Der Standard lobte Andrea Breths Inszenierung von „Diese Geschichte von Ihnen“ schon 2016 als „Riesenwurf“  und die schauspielerische Darbietung von Nicholas Ofczarek als „Gipfelleistung“. Vergangenen Donnerstag hatte ich Gelegenheit, mich im Akademietheater selbst zu überzeugen. Um es kurz zu machen: Standard-Rezensent Ronald Pohl übertreibt nicht. Der lange Theaterabend – Breth nimmt sich viel Zeit, die Tiefen einer geschundenen Polizistenseele auszuleuchten – zählt zu den intensivsten, die ich in den vergangenen Jahren erlebt habe.
Die Rahmenhandlung von John Hopkins‘ Stück (im Original „This Story of Yours“, 1969) ist schnell erzählt. Johnson (Nicolas Ofczarek) hat es nach zwanzig Jahren im Polizeidienst nur bis zum Sergeant gebracht. Im Laufe der Zeit hat er viel Grausamkeit, Brutalität und menschliches Leid gesehen und keinen Weg gefunden, das in irgendeiner Weise zu verarbeiten, oder auch nur darüber zu reden. Als er Baxter (August Diehl) festnimmt, der mutmaßlich ein kleines Mädchen schwer misshandelt hat, spielt sich Johnson zum Richter auf und prügelt den Verdächtigen während des Verhörs zu Tode.
Die Hauptfigur ist ein durch und durch armseliger Charakter. Diese Tatsache eröffnet Ofczarek die Möglichkeit, alle Register seines schauspielerischen Könnens zu ziehen. Mit vollem Körpereinsatz zeigt er ein Spektrum, das von weinerlichem Selbstmitleid über selbstgefällige Überheblichkeit und schmierige Jovialiät bis hin zu brutaler Gewalt reicht. Das ist fulminant. (Dieses Wort verwende ich selten.)

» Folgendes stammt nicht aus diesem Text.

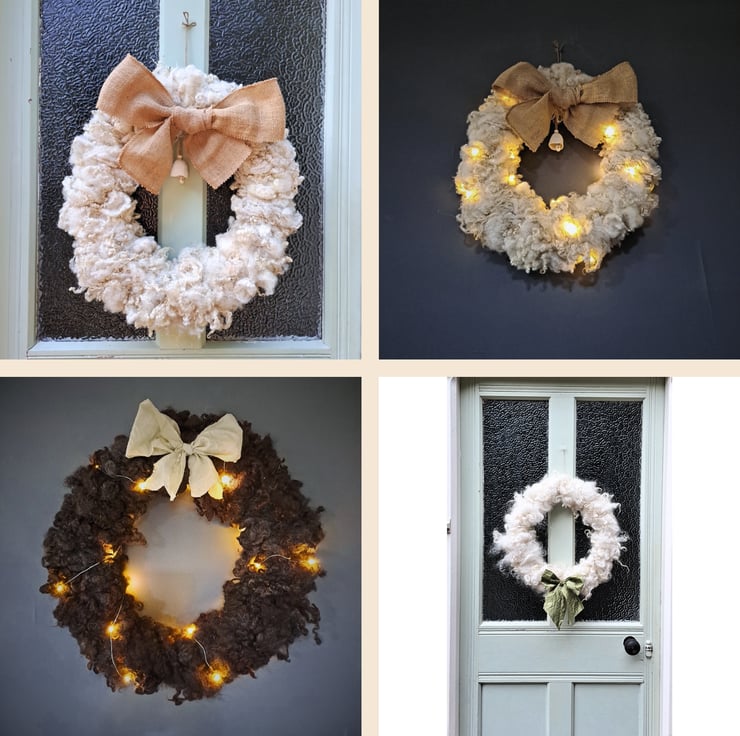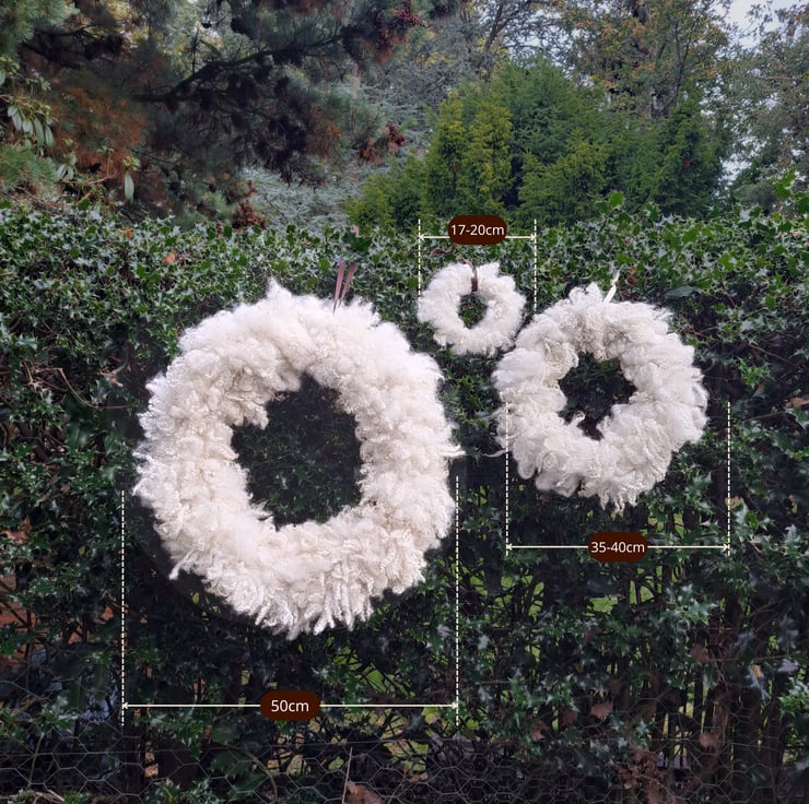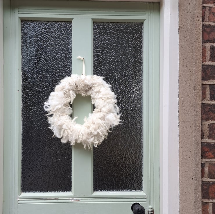 It is made from natural British sheep wool, wrapped on a hand-woven wooden ring. Due to the handmade nature of the wreath, a slight variation in texture and colour tone is possible.
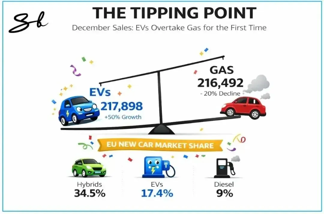 2025年12月,欧洲车市抛出一枚重磅炸弹:电动汽车单月注册量首次超越传统燃油车,这一跨越不仅改写了欧洲汽车产业百年格局,更标志着全球汽车电动化转型进入不可逆的深水期。这场看似偶然的销量超越,实则是产品、市场、政策三方共振的必然结果,而中国车企的强势突围,更让这场转型充满了新的博弈与可能。
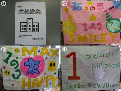 それぞれのクラスの思いを込めて作った 「学級旗」
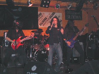 A eso de las 22.19 h. Jon Marín volvía a ejercer de presentador. Una intro dio paso a “Magia blanca” (primer tema de su reciente segunda maqueta, “Lucifer”), aunque en su comienzo apenas se escuchaba la voz de Ángel Santamaría (ex-Velldur, Tasmania). “Cruzado” fue la siguiente de su descarga, y aquí ya comprobamos la enorme personalidad del vocalista, echándose a sus espaldas la actuación, y pidiendo con gancho a la gente que botara.
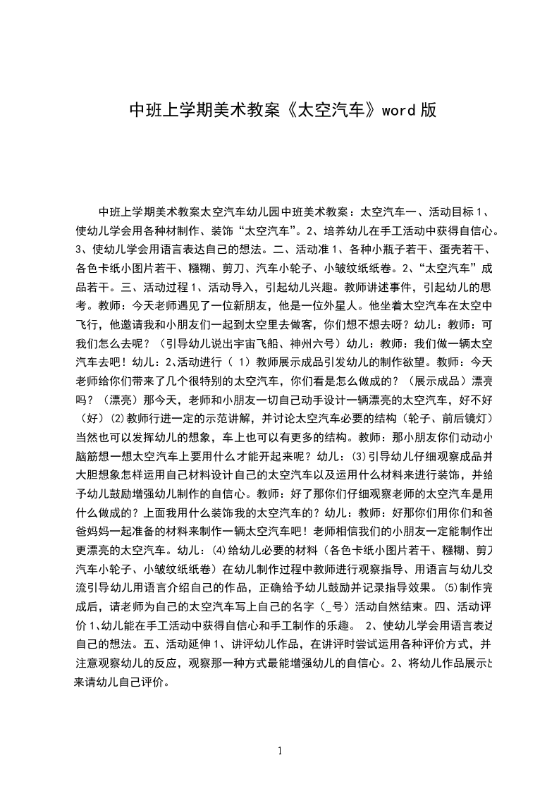 中班上学期美术教案太空汽车幼儿园中班美术教案:太空汽车
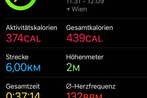 6 lockere Kilometer am Sonntag in Grundlage und dabei neue Ziele gesteckt. Die Wochen, in denen ich fast nichts gelaufen bin, neigen sich dem Ende zu. Aktivität: Lauf Dauer: 00:37:14 Distanz: 6 000 Pace: 06:12 km h: 9.68 Schuhe: Nike App: Runplugged Uhr: Apple Watch Runkit rechnet: Christian ist im Juli bisher 95,780 km gelaufen, im Schnitt täglich 4,353 km, ein Plus von 39,94 Prozent gegenüber dem Juni, als Christian 3,111 km Tagesschnitt hatte. Christians Top-Monat bisher: Juli 2017 mit 10,433 km täglich. >> Zum Runkit Profil von Christian Drastil Weitere Einträge bzw. selbst gratis anmelden, Aktivitäten verwalten und bloggen! » Weiterlesen
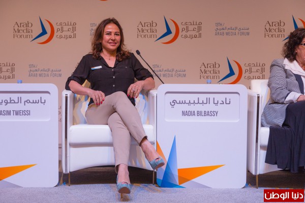 أما ناديا البلبيسي فأكدت على أن الإعلام العربي يمر بإختبار كبير في وقت تعصِف بالمنطقة تحولات كبيرة، ما يلقى بالمسؤولية على الإعلام والإعلاميين في نقل الحقيقة والتحلي بالمصداقية والمهنية لإعلام الناس الطواقين للتعرف إلى ما يدور حولهم.
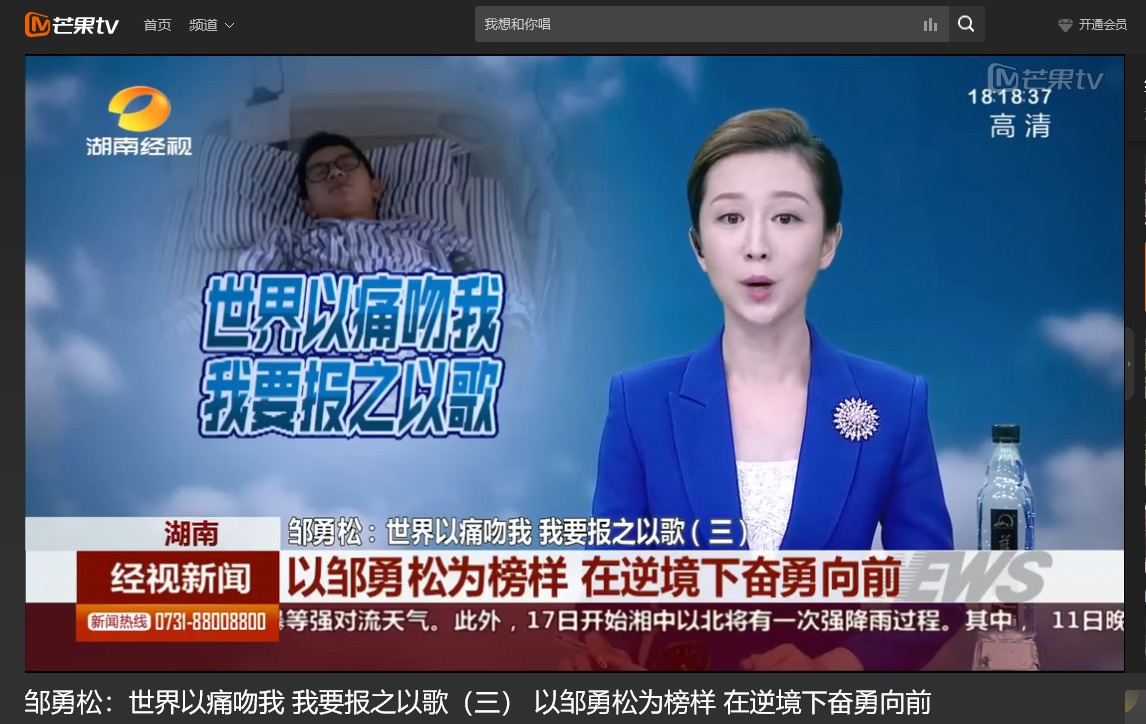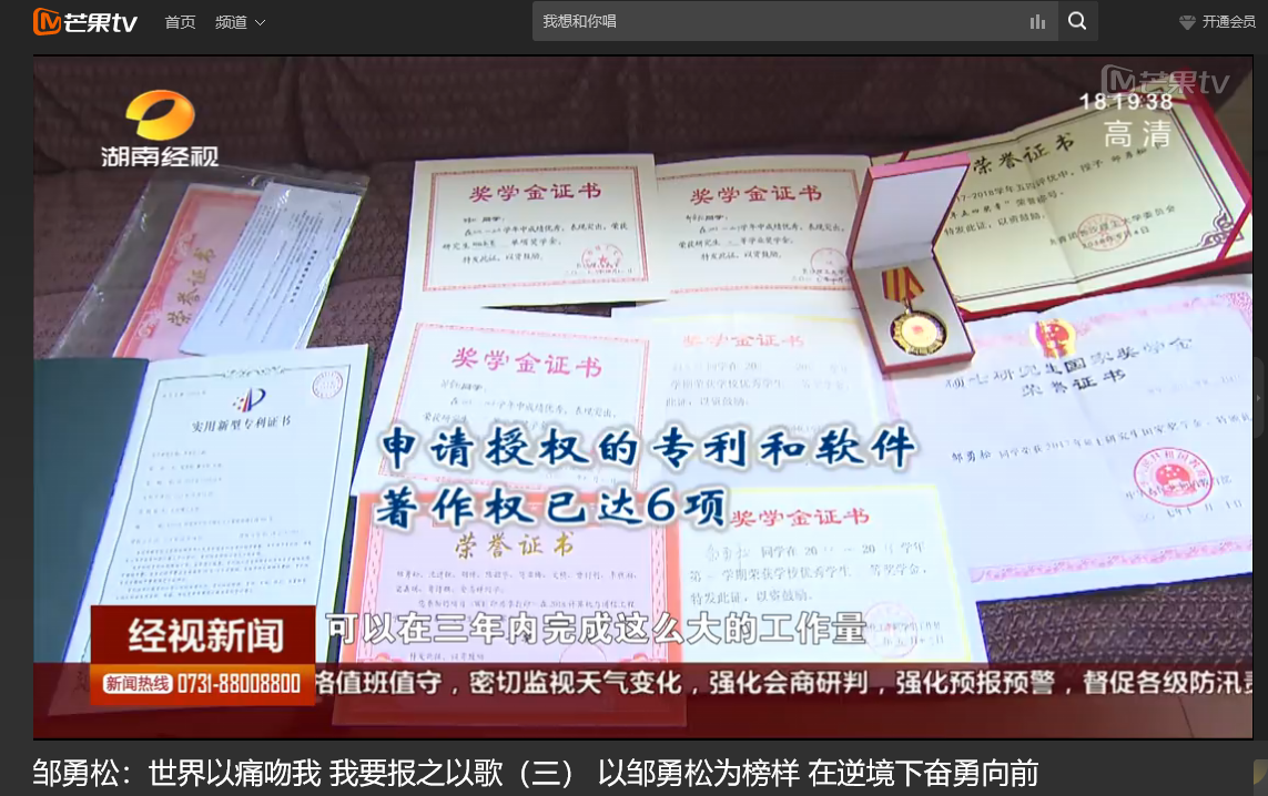 湖南经视 6月11日经视新闻,以《邹勇松:世界以痛吻我 我要报之以歌(三) 以邹勇松为榜样 在逆境下奋勇向前》为题对永利官网计算机与通信工程学院15级研究生邹勇松进行了报道。
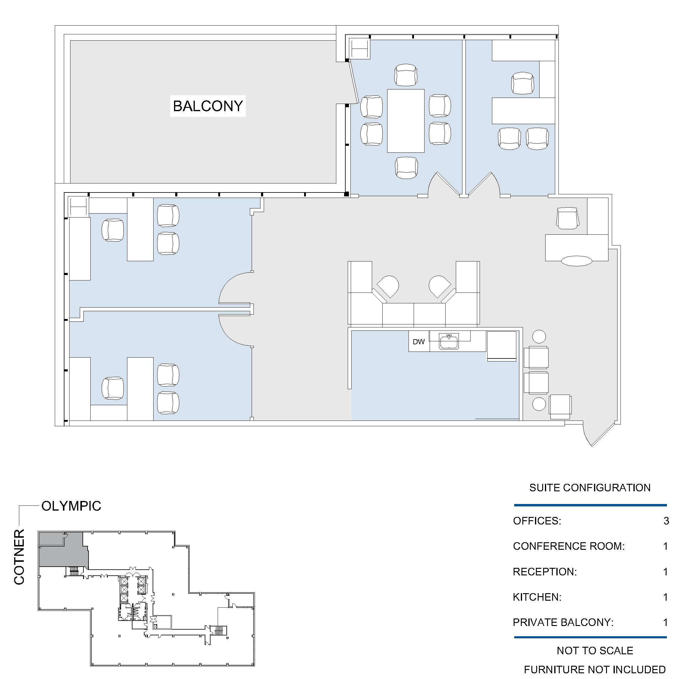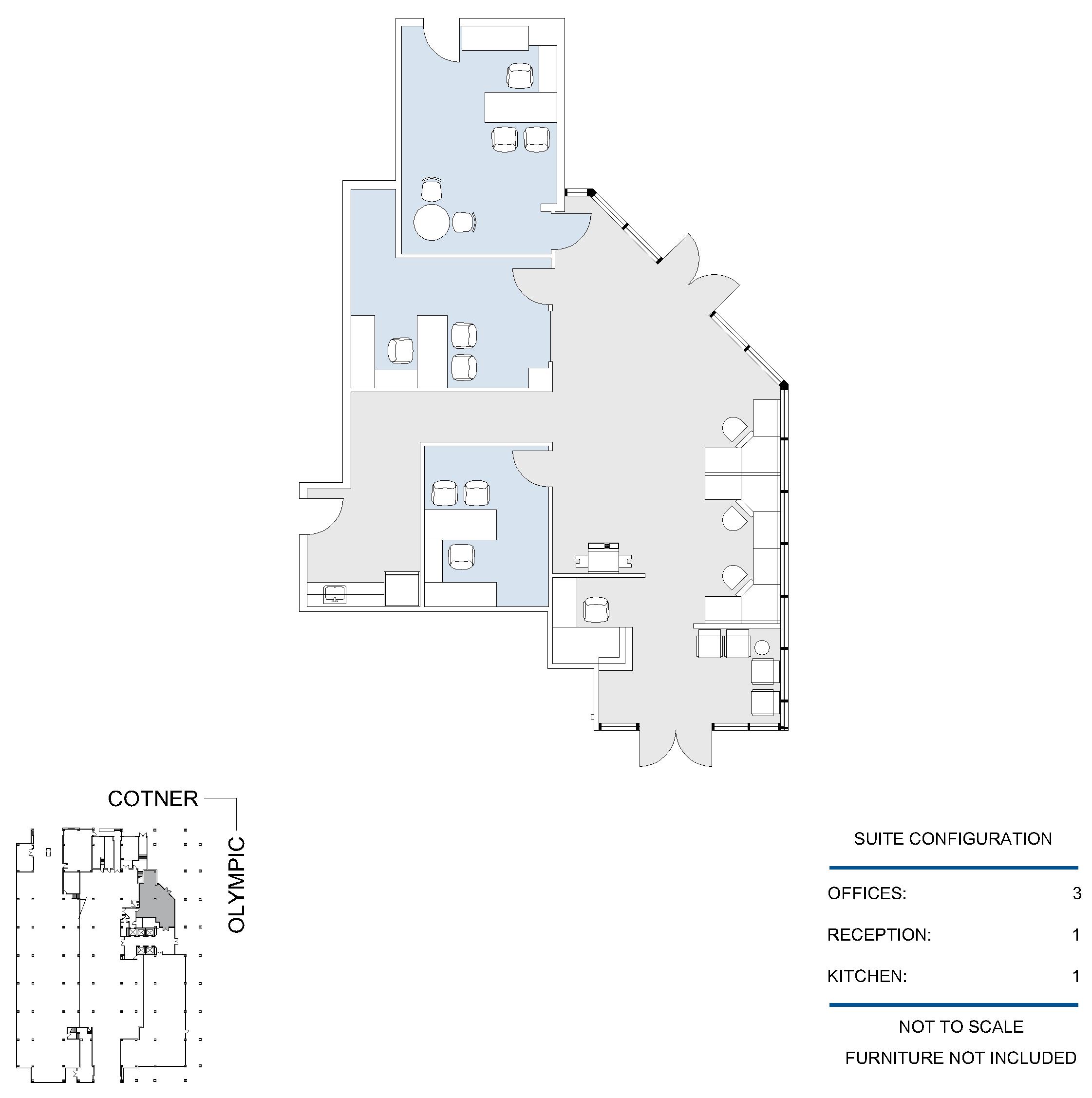 Corner suite with 3 window offices, window line conference room, open work area and a kitchen.
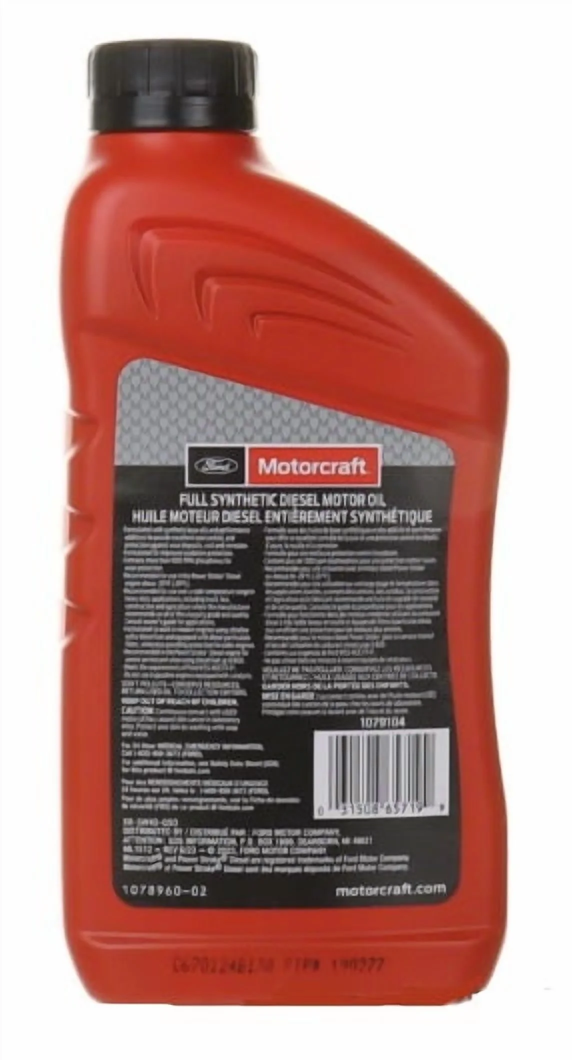 Motorcraft? SAE 5W-40 Full Synthetic Diesel Motor Oil is a high-performance light- and heavy-duty diesel engine oil formulated with synthetic base oils and unique additive technology and recommended by Ford Motor Company. It is particularly recommended for use in Ford vehicles equipped with Power Stroke? diesel engines as in truck, bus, construction and other heavy-duty diesel engine applications, as well as the smaller Ford diesel engines
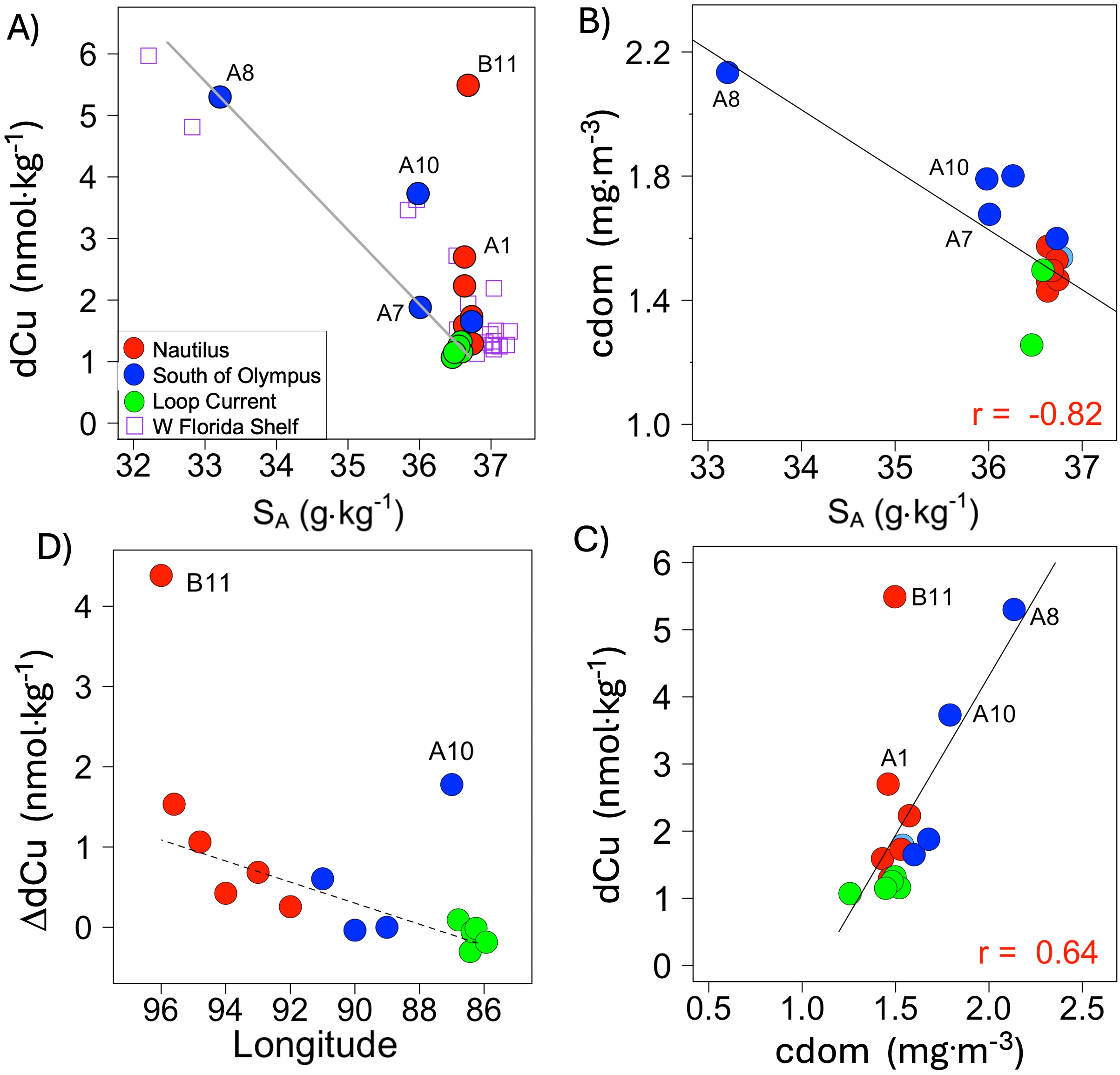 Distribution of (A) dissolved copper (dCu) and (B) chromophoric dissolved organic matter (cdom) as a function of absolute salinity (SA) at 10 m depth along the transect during the XIXIMI-4 cruise. In panel (A), a simple mixing model was used to predict the dCu concentrations that resulted from the mixing of freshwater from the Mississippi-Atchafalaya River system with seawater from the Loop Current. Data from the West Florida shelf (WFS) (purple squares; Mellett and Buck, 2020) are shown for comparison and were not used in the mixing model calculation. (C) Longitudinal profile of the concentration of non-conservative dCu (ΔdCu) at 10 m depth along the transect from the eastern coast of Mexico to the Yucatan Channel. The ΔdCu concentration at each station was calculated as ΔdCu = dCumeasured – dCumixing, where dCumixing is the dCu concentration predicted by the line of mixing at the SA measured at each station. The dashed line in (D) was included to indicate the westward spatial trend. (D) Relationship between surface dCu and cdom along the transect. The labels next to the symbols in all panels represent the station identifiers.

Ebenso fulminant ist Andrea Breths Inszenierung. Ich stelle mir vor, dass ihre wichtigste Regieanweisung gelautet hat: „Quält euch!“
Nicht nur, dass die Hauptfigur sich mit Selbstzweifeln und seine Umwelt mit Verachtung quält, auch ihre Gegenüber setzen ihr gehörig zu: Ehefrau Maureen (Dörte Lyssewski) mit ihrem passiv-aggressiven Verhalten, Cartwright, der auf die Untersuchung des Falles angesetzte Beamte (Roland Koch) sowieso, aber auch Baxter (der Tatverdächtige) kann seinem Peiniger etliche schmerzhafte Schläge in die seelische Magengrube versetzen.
Besser kann Theater kaum sein. Wenn ich richtig gelesen habe, wird das Stück nur mehr an zwei Abenden im Februar gespielt. Seht es euch an!